:: Work to complete ::
The records are given next. Repeat each one exactly.

++++ Records shown

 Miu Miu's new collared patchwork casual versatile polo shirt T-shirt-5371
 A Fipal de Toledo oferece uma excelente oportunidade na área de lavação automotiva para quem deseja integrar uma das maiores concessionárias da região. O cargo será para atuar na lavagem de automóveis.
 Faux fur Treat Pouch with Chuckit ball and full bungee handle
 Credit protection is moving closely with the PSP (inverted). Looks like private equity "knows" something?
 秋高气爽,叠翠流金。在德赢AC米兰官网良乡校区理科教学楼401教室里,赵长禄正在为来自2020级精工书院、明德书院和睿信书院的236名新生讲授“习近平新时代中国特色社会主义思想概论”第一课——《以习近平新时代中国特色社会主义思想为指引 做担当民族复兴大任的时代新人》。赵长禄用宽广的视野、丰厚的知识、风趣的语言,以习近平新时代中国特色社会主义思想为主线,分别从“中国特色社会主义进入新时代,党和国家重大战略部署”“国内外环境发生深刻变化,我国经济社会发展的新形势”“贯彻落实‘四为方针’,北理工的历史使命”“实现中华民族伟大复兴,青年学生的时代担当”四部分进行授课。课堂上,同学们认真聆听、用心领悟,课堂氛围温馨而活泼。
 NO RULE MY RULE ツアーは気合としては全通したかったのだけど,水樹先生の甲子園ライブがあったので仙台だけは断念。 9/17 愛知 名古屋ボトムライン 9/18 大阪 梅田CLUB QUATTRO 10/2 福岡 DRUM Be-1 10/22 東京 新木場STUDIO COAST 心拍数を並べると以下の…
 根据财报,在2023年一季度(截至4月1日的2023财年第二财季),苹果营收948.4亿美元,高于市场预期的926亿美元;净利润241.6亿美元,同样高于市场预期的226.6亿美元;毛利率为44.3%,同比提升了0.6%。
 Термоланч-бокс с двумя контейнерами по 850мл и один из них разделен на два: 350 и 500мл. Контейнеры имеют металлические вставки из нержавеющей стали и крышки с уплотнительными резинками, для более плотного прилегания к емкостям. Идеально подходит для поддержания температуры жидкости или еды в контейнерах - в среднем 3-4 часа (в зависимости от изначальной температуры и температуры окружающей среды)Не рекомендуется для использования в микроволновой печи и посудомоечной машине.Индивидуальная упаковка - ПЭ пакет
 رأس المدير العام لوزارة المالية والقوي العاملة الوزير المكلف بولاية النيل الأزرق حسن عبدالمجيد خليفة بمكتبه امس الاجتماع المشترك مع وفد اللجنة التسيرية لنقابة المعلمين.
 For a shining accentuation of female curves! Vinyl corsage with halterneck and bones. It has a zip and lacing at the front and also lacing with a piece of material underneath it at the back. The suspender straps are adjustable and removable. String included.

++++++++

:: Solution to the exercise ::
 Miu Miu's new collared patchwork casual versatile polo shirt T-shirt-5371
 A Fipal de Toledo oferece uma excelente oportunidade na área de lavação automotiva para quem deseja integrar uma das maiores concessionárias da região. O cargo será para atuar na lavagem de automóveis.
 Faux fur Treat Pouch with Chuckit ball and full bungee handle
 Credit protection is moving closely with the PSP (inverted). Looks like private equity "knows" something?
 秋高气爽,叠翠流金。在德赢AC米兰官网良乡校区理科教学楼401教室里,赵长禄正在为来自2020级精工书院、明德书院和睿信书院的236名新生讲授“习近平新时代中国特色社会主义思想概论”第一课——《以习近平新时代中国特色社会主义思想为指引 做担当民族复兴大任的时代新人》。赵长禄用宽广的视野、丰厚的知识、风趣的语言,以习近平新时代中国特色社会主义思想为主线,分别从“中国特色社会主义进入新时代,党和国家重大战略部署”“国内外环境发生深刻变化,我国经济社会发展的新形势”“贯彻落实‘四为方针’,北理工的历史使命”“实现中华民族伟大复兴,青年学生的时代担当”四部分进行授课。课堂上,同学们认真聆听、用心领悟,课堂氛围温馨而活泼。
 NO RULE MY RULE ツアーは気合としては全通したかったのだけど,水樹先生の甲子園ライブがあったので仙台だけは断念。 9/17 愛知 名古屋ボトムライン 9/18 大阪 梅田CLUB QUATTRO 10/2 福岡 DRUM Be-1 10/22 東京 新木場STUDIO COAST 心拍数を並べると以下の…
 根据财报,在2023年一季度(截至4月1日的2023财年第二财季),苹果营收948.4亿美元,高于市场预期的926亿美元;净利润241.6亿美元,同样高于市场预期的226.6亿美元;毛利率为44.3%,同比提升了0.6%。
 Термоланч-бокс с двумя контейнерами по 850мл и один из них разделен на два: 350 и 500мл. Контейнеры имеют металлические вставки из нержавеющей стали и крышки с уплотнительными резинками, для более плотного прилегания к емкостям. Идеально подходит для поддержания температуры жидкости или еды в контейнерах - в среднем 3-4 часа (в зависимости от изначальной температуры и температуры окружающей среды)Не рекомендуется для использования в микроволновой печи и посудомоечной машине.Индивидуальная упаковка - ПЭ пакет
 رأس المدير العام لوزارة المالية والقوي العاملة الوزير المكلف بولاية النيل الأزرق حسن عبدالمجيد خليفة بمكتبه امس الاجتماع المشترك مع وفد اللجنة التسيرية لنقابة المعلمين.
 For a shining accentuation of female curves! Vinyl corsage with halterneck and bones. It has a zip and lacing at the front and also lacing with a piece of material underneath it at the back. The suspender straps are adjustable and removable. String included.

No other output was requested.